“Multimodal Neurons in Artificial Neural Networks [CLIP]”, Gabriel Goh, Nick Cammarata, Chelsea Voss, Shan Carter, Michael Petrov, Ludwig Schubert, Alec Radford, Chris Olah2021-03-04 (, , ; similar)⁠:

[Investigation of CLIP activations: CLIP detects a wide variety of entities, like Spiderman, Lady Gaga, or Halle Berry, in a variety of media, such as photos, (images of) text, people in costumes, drawings, or just similar terms; previous cruder smaller NNs lacked this ‘conceptual’ level, only responding to the exact person’s photograph.

CLIP neurons further specialize in regions, famous individual, human emotions, religions, human attributes such as age/gender/facial-features, geographic regions (down to specific cities), holidays, art styles (such as anime vs painting), media franchises (Pokemon, Star Wars, Minecraft, Batman etc), brands, images of text, and abstract concepts like ‘star’ or ‘LGBTQ+’ or numbers or time or color. Such conceptual neurons also have ‘opposite’ neurons, like Donald Trump vs “musicians like Nicky Minaj and Eminem, video games like Fortnite, civil rights activists like Martin Luther King Junior, and LGBT symbols like rainbow flags.” The capabilities are best with the English language, but there is limited foreign-language capabilities as well.

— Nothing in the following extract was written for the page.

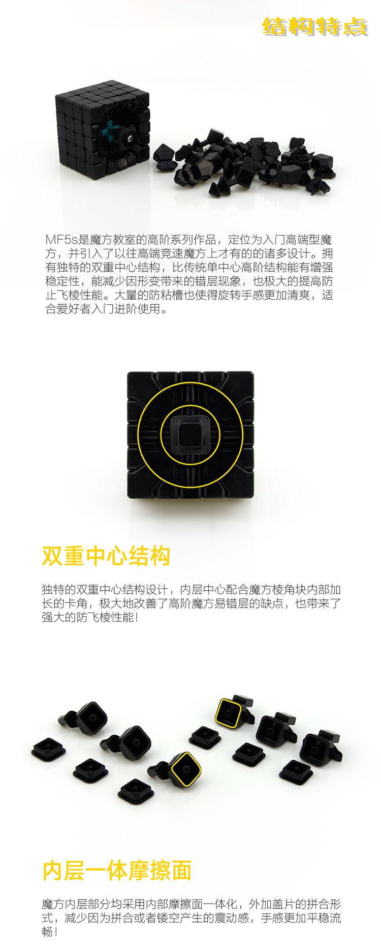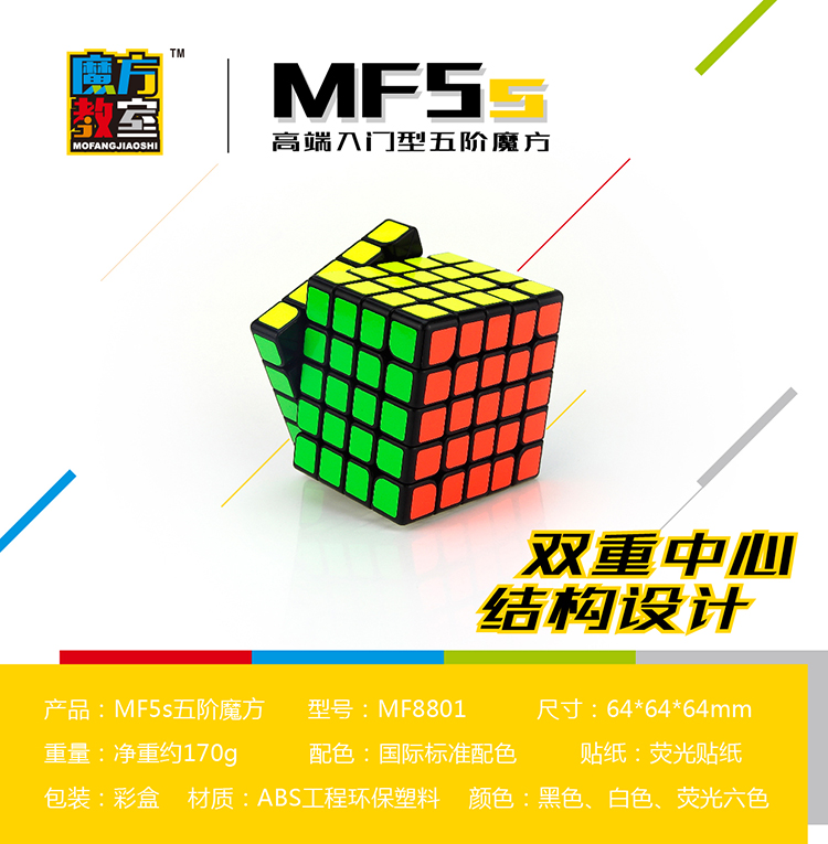 MF5s是魔方教室的高阶系列魔方,定位为高端入门型魔方,并引入了以往高端竞速魔方的诸多设计。拥有独特的双层中心结构,比传统单中心高阶结构能有增强稳定性,能减少因形变带来的错层现象,也极大的提高防止飞棱性能。大量的防粘槽也使得旋转手感更加清爽,适合爱好者入门进阶使用。

Given the ‘conceptual’ level of neurons, it’s not too surprising that the overloaded/entangled/“polysemantic” neurons that Distill.pub has documented in VGG-16 (which appear undesirable and to reflect the crudity of the NN’s knowledge) are much less present in CLIP, and the neurons appear to learn much cleaner concepts.

The power of the zero-shot classification, and the breadth of CLIP’s capabilities, can lead to some counterintuitive results, like their discovery of what they dub typographic attacks: writing “iPod” on a piece of paper and sticking it on the front of a Granny Smith apple can lead to the text string “iPod” being much more ‘similar’ to the image than the text string “Granny Smith”.

Perhaps even more surprising is that the multimodal conceptual capability leads to a Stroop effect! (And also bouba/kiki.) All in all, CLIP is remarkable.]